When the network state is judged to be unconnected, the user voice instruction is wakened and identified through a wakening engine in the story machine, and response processing is carried out according to the wakening and identifying result, and the response processing mode can be the same as the implementation mode of the response processing of the network connection state. Preferably, the local story machine is in a voice wake-up mode, so that voice interaction response is performed, response speed is improved, and processing burden of the story machine is not increased.
According to the method, far-field voice interaction can be carried out on the story machine in the states of being connected with a network and being not connected with the network, the effect of expanding the use range of the story machine is achieved, the story machine is not limited to be used in the near field, the use method of the story machine can be more flexible for the group of infants, the nature of the infants is met, and the experience and the use feeling of the story machine are greatly enhanced.

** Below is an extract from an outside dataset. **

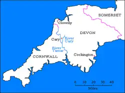 In the 14th century, Clovely is found held by the Cary family.[18] Sir John Cary purchased the manor but probably never lived there and certainly died in exile in Ireland.[19] At some time after 1350[20] the Cary family acquired the manor of Cockington, in Devon, which they made their principal seat. Certainly according to Pole, Robert Cary held Cockington during the reign of King Henry IV.[21] It then passed to Sir Philip Cary, of Cockington, eldest son and heir, by his father's first wife.[22]

Finally, it should be noted that: the above embodiments are only used to illustrate the technical solutions of the present application, and not to limit the same; although the present application has been described in detail with reference to the foregoing embodiments, it should be understood by those of ordinary skill in the art that: the technical solutions described in the foregoing embodiments may still be modified, or some technical features may be equivalently replaced; and such modifications or substitutions do not depart from the spirit and scope of the corresponding technical solutions in the embodiments of the present application.